Grade Awarded: Distinction
Lecturer’s Comments: Where you have not used the primary source you should indicate this e.g. Phillips in Francis 1992.



AREA

CRITERIA

COMMENTS

INTRODUCTION (10)

  • Subject matter and direction clearly shown and defined.

  • Clear link to question




Clear focus

CONTENT - BASIC (10)

  • Evidence of basic reading/data/understandings appropriate to topic.

Base reading well understood. Clear definitions consistently used.

CONTENT - REACTION (10)

  • Evidence of personal reactions to basic ideas.

  • Depth analysis of major ideas

Very little personal reaction on example 3.

CRITICAL ANALYSIS (10)

  • Evidence of wider reading and critical analysis.

  • Contributions and conclusions drawn.

Excellent reading beyond the base set. Not a lot of critique through culture introduced.

PRESENTATION (10)

  • Correct grammar, punctuation and spelling.

  • Acceptable and consistent referencing format.

  • Reference list up to date and relevant.

  • Originality, format and style.

  • Development of a logical thesis clearly linked to the question asked.

Well written with useful headings and coherent argument.

(Note: This sample is provided in the exact form it was submitted and corrections and comments made in the text by the lecturer are not included.)
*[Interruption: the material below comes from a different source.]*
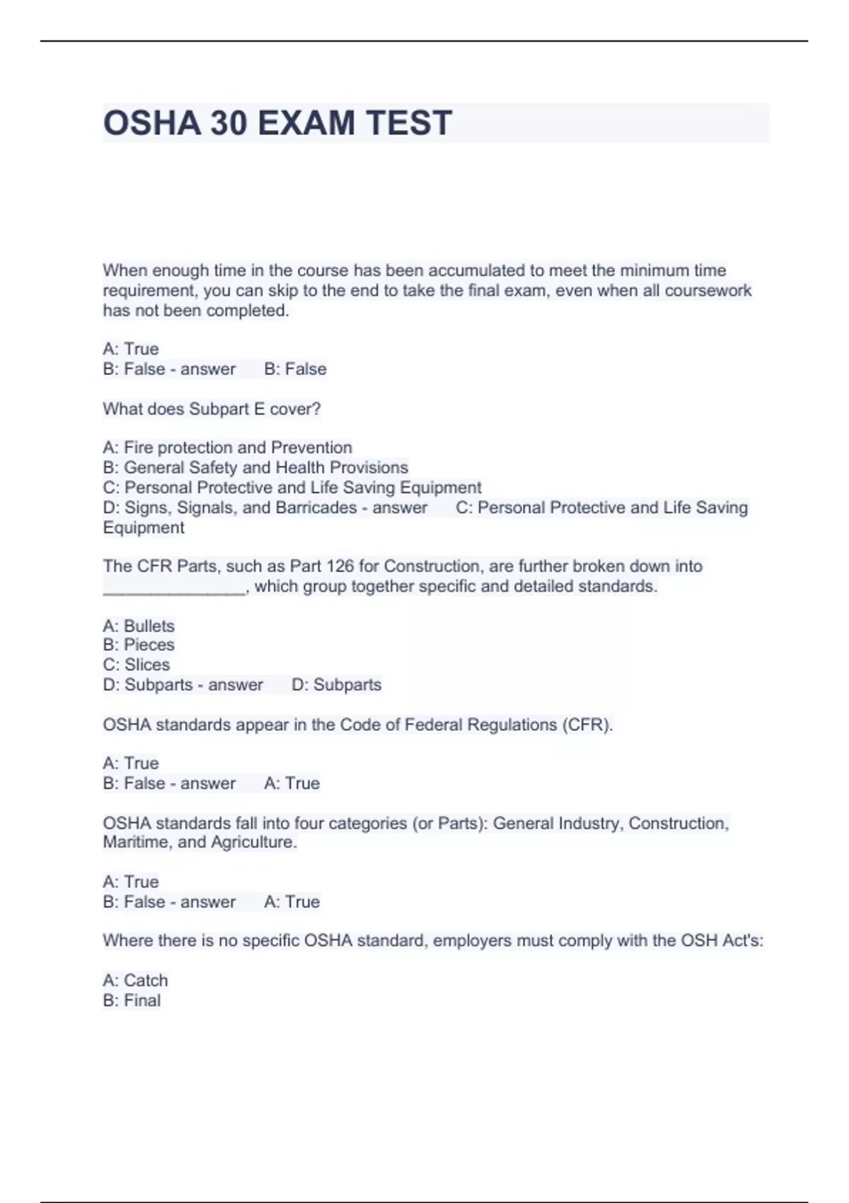 OSHA 30 EXAM TEST QUESTIONS AND ANSWERS GRADED A+ 2024

To function effectively in today’s society people must communicate with one another. Yet for some individuals communication experiences are so unrewarding that they either consciously or unconsciously avoid situations where communication is required. (McCroskey & Richmond, 1979) The term ‘communication apprehension’ was coined by James McCroskey (1976a) and is defined as “an individual’s level of fear or anxiety associated with either real or anticipated communication with another person or persons” (McCroskey, 1984). In the last two decades communication apprehension and related constructs, such as reticence and unwillingness to communicate, have received extensive research and theoretical attention by scholars in communication and psychology. In 1984, Payne and Richmond listed over 1000 entries in a bibliography of publications and papers in this area (Payne & Richmond, 1984). Overwhelmingly the underlying theme of the articles has been the negative effects that these constructs can have on academic and social success. It has been forwarded that two out of ten people suffer some form of communication apprehension (CA). The focus of this paper is on communication apprehension as a construct and on how it affects the behaviour and lifestyle of an individual.
Although constructs such as CA, communication reticence, and unwillingness-to-communicate have often been treated in literature as interchangeable, (McCroskey, 1982) particularly in earlier work, some researchers have found the need to distinguish between them. Reticence was originally thought of in relation to CA, particularly in connection with stage fright, and anxiety was identified as the causative agent that produced the characteristic behavior patterns. (McCroskey, 1977b; McCroskey, 1982) However during the 1970’s the constructs of reticence and CA evolved and changed to become quite disparate. According to McCroskey (1982) the contemporary view is that reticent people are those who do not communicate competently. Phillips (1984) further states that reticent people “avoid communication because they believe they will lose more by talking than remaining silent” (p.52). So while the construct of reticence was initially the same as CA, reticence is now perceived as a concept that represents a broad range of communicative incompetence while CA relates to communicative incompetence that stems from anxiety or fear. (McCroskey, 1982)
The unwillingness‑to‑communicate construct, which was introduced by Burgoon (1976, as cited in McCroskey, 1982) focuses on the individual's unwillingness to communicate with others. This construct was an attempt to look beyond the concepts of CA and reticence (as it was perceived at the time) and along with fear and anxiety, considers low self‑esteem, introversion, anomia1 and alienation. “Thus this construct can be viewed as intermediary between CA and the contemporary view of reticence. More simply, reticence is concerned with people who do not communicate effectively; unwillingness-to-communicate is concerned with one of the reasons that people may not do so (i.e., they do not want to); and, [although it is highly associated with ineffective communication], CA is concerned with one of the reasons that people may be unwilling-to-communicate.” (McCroskey, 1982, p.4)
Types of Communication Apprehension

A person may be apprehensive in one situation but not in another. Additionally, as communication does not confine itself to just talk, a person may, for example, be apprehensive about communicating by engaging in talk but feel quite comfortable about writing. McCroskey & Richmond (1987) identify four types of communication apprehension: traitlike, context‑based, receiver‑based, and situational. Traitlike CA concerns mainly oral communication and refers to a relatively stable and enduring predisposition of an individual towards experiencing fear and/or anxiety across a wide range of communication contexts. Context‑based refers to a relatively enduring, personality‑type CA that an individual experiences in a specific context. For example a person may experience high levels of CA when speaking in groups but be not in dyadic interactions or when speaking to others who are from a different cultural group. Receiver‑based CA depends on the person or type of person or group that is involved in the communication. For example, being fearful or anxious when communicating with the boss or with strangers but not with friends (McCroskey & Richmond, 1987). Situational CA depends upon changes in the environment in which communication takes place.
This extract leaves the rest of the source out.